Penwomanship

story belongs to youBoth of my parents have died—my father 23 years ago and my mother 11. I am officially an orphan.

After my mother died, I was left bereft for several years. I like the word bereft. It sounds to me like it means. I see a solitary person in a rowboat in the middle of an ocean—the boat gently rocking.

I miss not having someone to check in with: to verify I remember what I remember, to find out what happened to that person, to uncover the secret that I sensed was real.

But, being an orphan has also given me my story—a story uncluttered with the expectations of what my parents hoped, wished, and dreamed would be my story.

A few years ago, in a box that had been stored in my mother’s house, I found an essay I had written that was part of an application for a local scholarship. I don’t remember anything about what I wrote. What I remember is how neat my penmanship was—no ambiguity created by the reader having to infer meaning from sloppily written words.

I don’t remember when my penmanship careened into the land of the indecipherable. Did it happen in one day? Over time?

This morning, I decided to be deliberate as I wrote, dredging up the muscle memory of how to form letters in cursive writing. The muscle memory took me back to then—fifty years ago. That’s how long it’s been since I graduated from high school.

I was on the committee that selected the theme song for our graduation, the one the choir would sing. It was between “You’ll Never Walk Alone” and “To Dream the Impossible Dream.” It’s fitting that we chose the impossible dream. It all seemed before us. Possibility.

But really, what I thought was that my goal was to marry. Take care of that and the rest would follow—that would be my destiny. It did not occur to me that I could shape my own.

Or, not consciously, anyway. Twice I married the wrong man. In retrospect, it was a way of rebelling against the notion of being a wife, while trying to satisfy that requirement—being married. Fortunately, third time was a charm.

And then I remembered there was that period of time, after my first marriage ended, when I gave away all my books. Did not keep a single one. What was that about? And then I took a class in basic grammar because I forgot that I knew how to write. Why did I forget that?

In 1976, I traveled alone to Europe. An eight-week trip. That’s when it came to me that I was a writer. I wrestled with that. I wasn’t married. Wasn’t I supposed to be? And weren’t women supposed to be wives and mothers first and everything else second?

I wrote by hand while smoking little cigars and drinking scotch. And I wore a beret and hung out in the Caffee Trieste in North Beach. I had stinky breath and got headaches from the scotch. The writing was my version of Michelangelo’s visits to the quarry to find the slab of marble that contained the statue.

I persisted.

I have been silent for a few months now. Not really knowing how to pen the words that expressed the abyss I was in—an abyss that started on November 9th, 2016. I won’t write his name. I can’t.

Apparently, when Al Gore got into George Bush’s territory during one of the 2000 debates, he was castigated by the media. There was not really even a peep about he-who-shall-not-be-named lurking menacingly around Hillary Clinton during the second debate last year. I knew how she felt. I think most women (if they are willing to admit it), know what it is like to be physically menaced by a man—in this case, one who we had learned two days previously that he bragged about sexually assaulting women.

She soldiered on during the debate. Remaining cool and calm. Putting on a good face. God, I’m tired of women having to do that. Look what happens when we do—we end up with the drunk, abusive father driving the car the wrong way on the freeway with the children in the front seat unrestrained by seat belts.

I don’t know what brought me out of the abyss. Perhaps it was deciding to persist. And from that came the muscle-memory of writing neatly by hand that unleashed those other memories—the memories that began with wanting to dream the impossible dream.

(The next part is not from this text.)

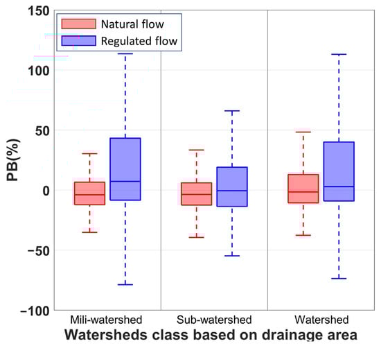 Boxplot showing PB variation as a function drainage area for natural and regulated flow. Boxes indicate the interquartile range (IQR) of the data. Within each box, horizontal lines indicate the median PB value; the first (Q1) and third (Q3) quantiles are marked by boxes, and whiskers extend to 1.5 interquartile ranges.

Caterpillars heed the call at some point, wrap themselves in a cocoon, and turn themselves into goo so they can transform into the butterfly. It’s called transformation. But they have the same DNA they had as a caterpillar.

I feel like that’s what I’ve been doing the past 10 months. Cocooning. Some caterpillars don’t make it through that phase. I’ll have to admit, I wondered if I would make it through this time. The landscape seemed a waste land and I couldn’t see my way around it. So I went through it. And I think I’m emerging from it now.

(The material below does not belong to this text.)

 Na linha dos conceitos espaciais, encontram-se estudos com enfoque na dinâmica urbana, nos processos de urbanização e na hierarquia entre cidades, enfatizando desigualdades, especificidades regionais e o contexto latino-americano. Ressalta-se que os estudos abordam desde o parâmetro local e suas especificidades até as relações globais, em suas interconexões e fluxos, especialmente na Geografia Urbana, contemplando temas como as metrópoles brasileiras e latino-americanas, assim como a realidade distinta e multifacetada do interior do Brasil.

My DNA is the same as that of my younger self who believed in the impossible dream. But, I’m not that caterpillar anymore. My voice is stronger than it has ever been. I have no shame in it, using it to speak my truth, and insisting that it be heard.

And, I’m working on my handwriting. Making that cursive writing beautiful again. My muscle-memory voice.

Penwomanship.

I believe the quote about owning your story is attributed to Anne Lamott.